ウ.上記イの事情は外形からわからないとのAの反論が考えられる。
 本件売買契約は、Aが甲社を代表して、Eとの間で、本件土地を5000万円で購入する契約であり、この外形のみからは、上記イの事情はわからない。
 したがって、Aの反論は正当である。

エ.以上から、外形上Aに利益が生じる取引行為でないから、「利益が相反する取引」に当たらない。

(2)もっとも、前記1(1)アイの事情から、善管注意義務(330条、民法644)、忠実義務(355条)違反がある。

(3)以上から、「任務を怠った」に当たる。

2.Aは、トラブル解決のためEの買取要求に応じることにし、自身で本件土地の買取資金を調達することは難しいと考え、甲社に本件土地を買い取らせることにした。Aは、当時の本件土地評価額は高く見積もっても1000万円程度であることを知っていた。
 以上から、故意がある。

3.前記1(1)アの事情から、甲社に4000万円の損害が発生し、因果関係がある。

4.Gの請求は権利濫用(民法1条3項)であるとのAの反論が考えられる。
 確かに、Gは譲受時に本件売買契約を知らなかった。
 しかし、本件売買契約当時、Aは唯一の株主で、締結に先立ち取締役会決議等の会社法所定の手続が行われた。

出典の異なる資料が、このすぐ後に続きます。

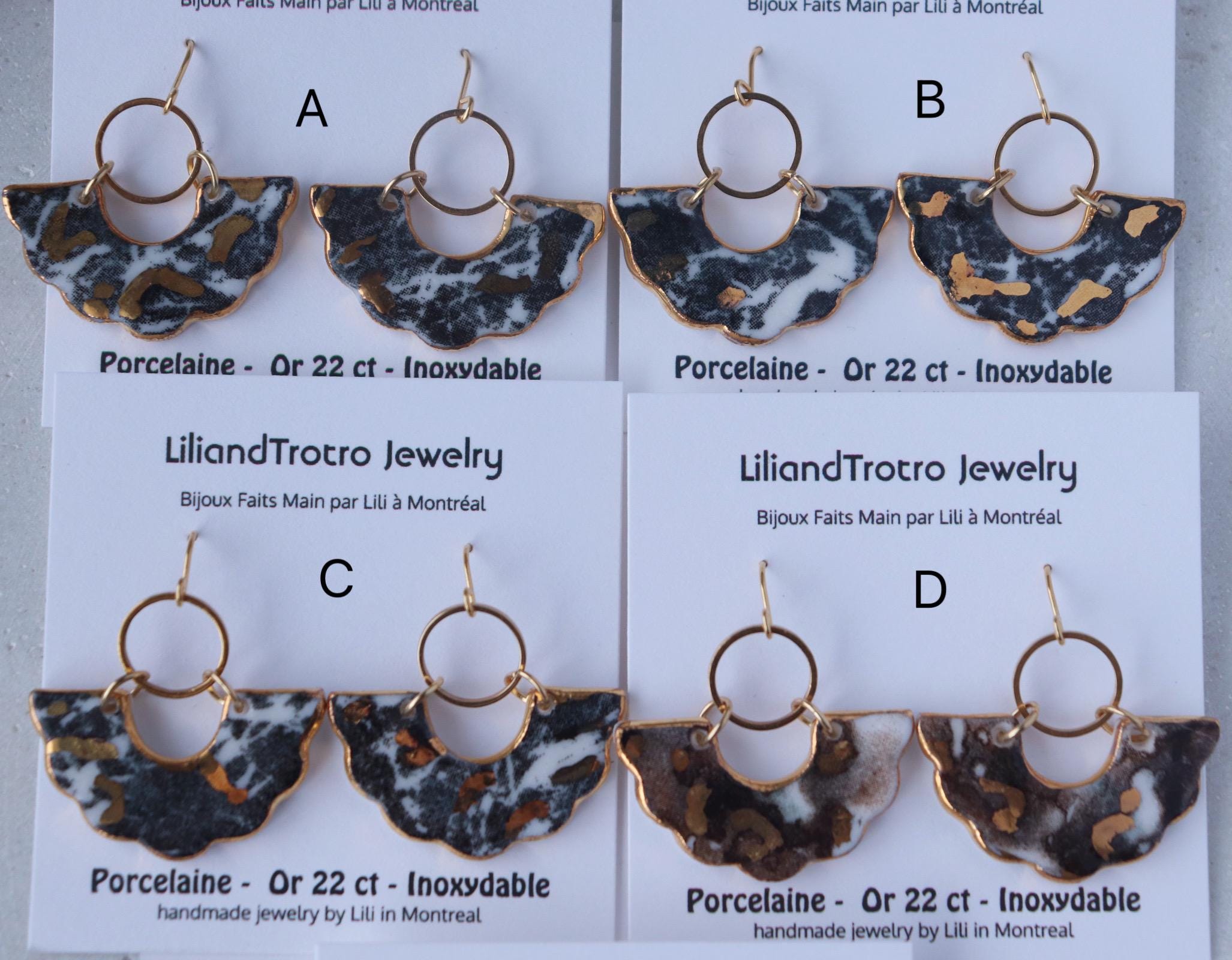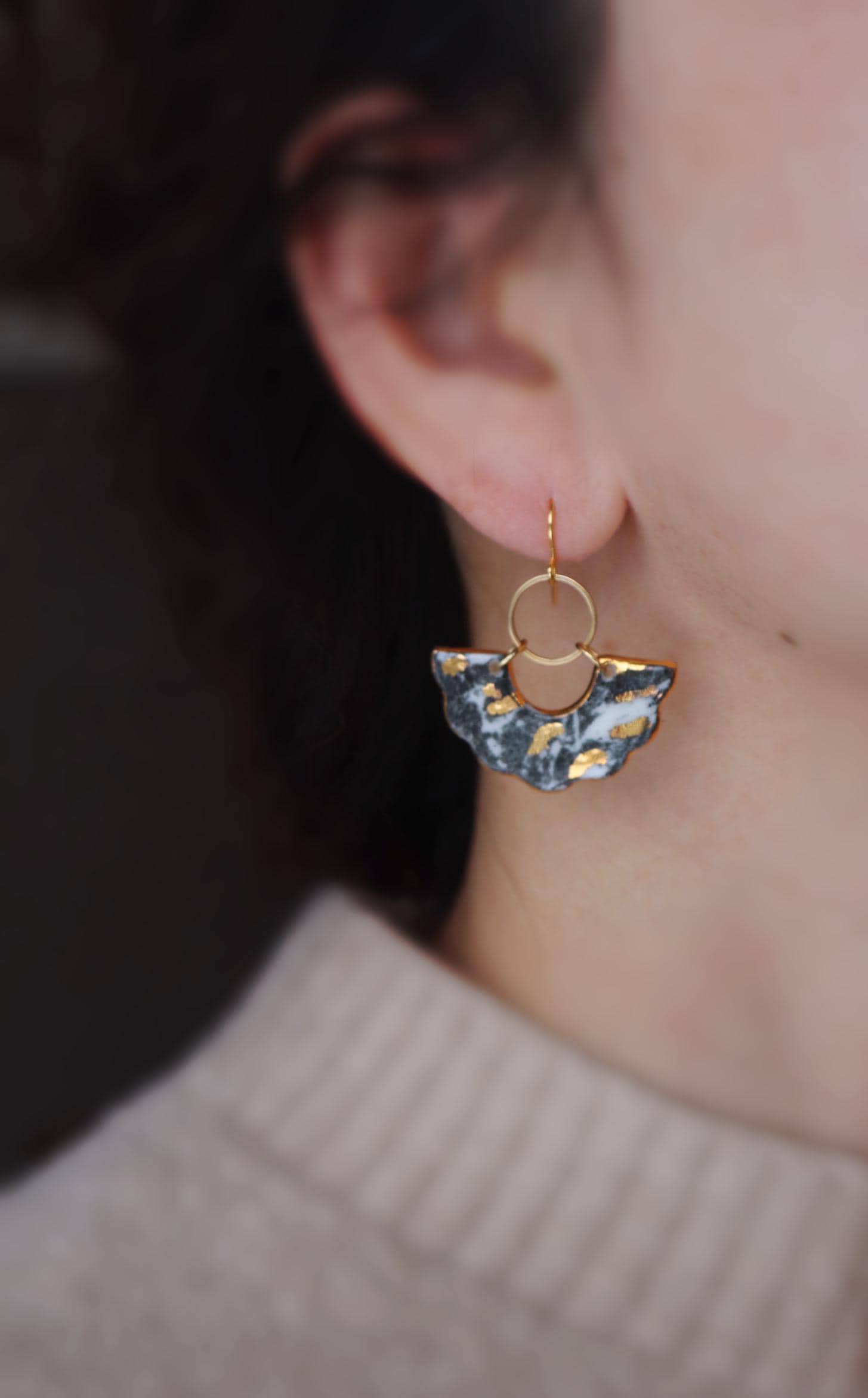 They are first 2026 January batch, these black marbles porcelain earrings are handmade by me in Montreal studio.

GはAの妹の配偶者で、Gのことが気に入ったAは、今後Gと共に甲社を経営していくことを見据え、Gに甲社株式1万株を譲渡した。有償の事実はない。甲社の経営は順調で、本件売買契約締結後も運転資金が枯渇することはなく、近い将来に甲社が資金繰りに困ることが予想される状態ではなかった。
 以上から、Gの請求は権利濫用である。

5.よって、Gの請求は認められない。

第2.設問1小問2

 役員等の対第三者責任(429条1項)が発生するためには、任務懈怠、悪意又は重過失、損害の発生、損害との因果関係が必要である

1.前記第1の1(2)のとおり、任務懈怠がある。

2.「悪意又は重大な過失」(同項)の対象は、当該役員等の任務懈怠で足りる(菊水工業事件判例参照)
 前記第1の2のとおり、Aは任務懈怠につき悪意である。

3.本件売買契約により直接損害を受けるのは甲社であり、乙社が本件債務を回収できないことは間接損害にすぎない。もっとも、「損害」(同項)は、直接損害に限られず、間接損害も含む(上記判例参照)
 したがって、「損害」がある。

4.損害との因果関係とは、任務懈怠と損害との間の相当因果関係をいう(上記判例参照)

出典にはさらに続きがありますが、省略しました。